A fatty acid-induced decrease in pyruvate dehydrogenase activity is an important determinant of beta-cell dysfunction in the obese diabetic db/db mouse.

Abstract

We studied the effects of fatty acid oxidation on insulin secretion of db/db mice and underlying molecular mechanisms of these effects. At 2-3 months of age, db/db mice were markedly obese, hyperglycemic, and hyperinsulinemic. Serum free fatty acid (FFA) levels were increased in 2-month-old (1.5 +/- 0.1 vs. 1.1 +/- 0.1 mmol/l, P < 0.05) and 3-month-old (1.9 +/- 0.1 vs. 1.2 +/- 0.1 mmol/l, P < 0.01) mice compared with the age and sex-matched db/+ mice serving as controls. Glucose-induced insulin release from db/db islets was markedly decreased compared with that from db/+ islets and was specifically ameliorated (by 54% in 2-month-old and 38% in 3-month-old mice) by exposure to a carnitine palmitoyltransferase I inhibitor, etomoxir (1 micromol/l). Etomoxir failed to affect the insulin response to alpha-ketoisocaproate. The effect of etomoxir on glucose-induced insulin release was lost after culturing db/db islets in RPMI medium containing 22 mmol/l glucose but no fatty acid. Culture of db/+ islets with 0.125 mmol/l palmitate led to a decrease in glucose-induced insulin secretion, which was partially reversible by etomoxir. Both islet glucose oxidation and the ratio of glucose oxidation to utilization were decreased in db/db islets. Etomoxir significantly enhanced glucose oxidation by 60% and also the ratio of oxidation to glucose utilization (from 27 +/- 2.5 to 37 +/-3.0%, P < 0.05).
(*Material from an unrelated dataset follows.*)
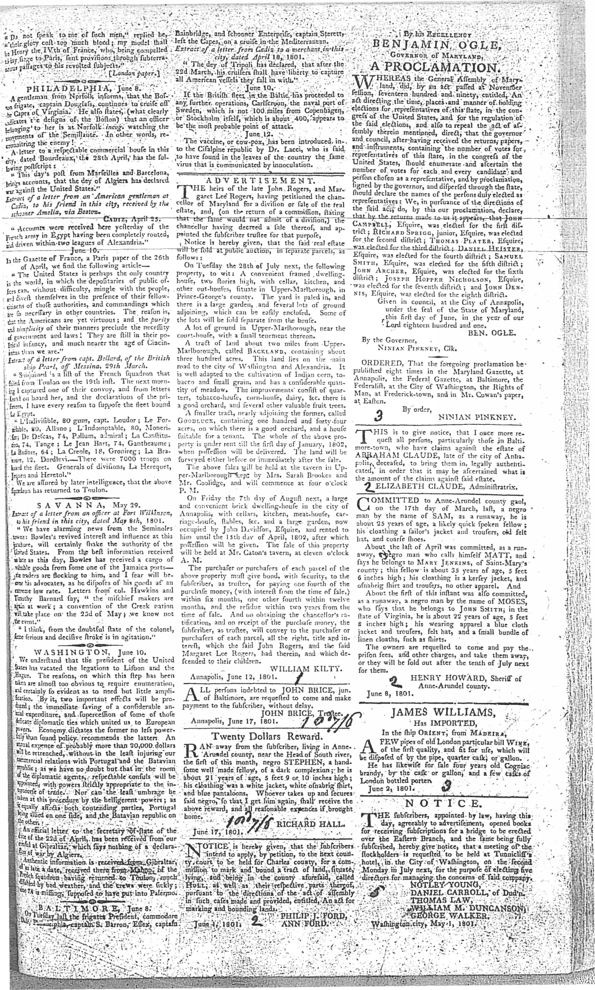 Maryland Gazette Collection MSA SC 2731 January 1, 1795 - December 29, 1803 M 1285 A Publication of the Archives of Maryland Online Image No: 1411 Enlarge and print image (3M) |
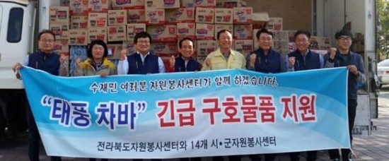 전북자원봉사센터와 14개 시군 자원봉사센터는 긴급 구호 물품 지원단을 구성해 울산시 북구청을 찾았다. 태풍 피해를 입은 수재민에게 라면 274박스, 생수 1000병, 쌀 20포 등 총 600만원 상당의 물품을 전달했다. 울산, 부산, 경주 등 경상도 지역은 태풍 차바로 주택, 농경지 침수 피해가 발생했다.

Pyruvate dehydrogenase (PDH) activity was decreased in islets of db/db mice (75 +/-4.2 vs. 91 +/- 2.9 nU/ng DNA, P < 0.01), whereas PDH kinase activity was increased (rate of PDH inactivation -0.25 +/- 0.02 vs. - 0.11 +/- 0.02/min, P < 0.0 1). These abnormalities were partly but not wholly reversed by a 2-h preexposure to etomoxir. In conclusion, elevated FFA levels in the db/db mouse diminish glucose-induced insulin secretion by a glucose-fatty acid cycle in which fatty acid oxidation inhibits glucose oxidation by decreasing PDH activity and increasing PDH kinase activities.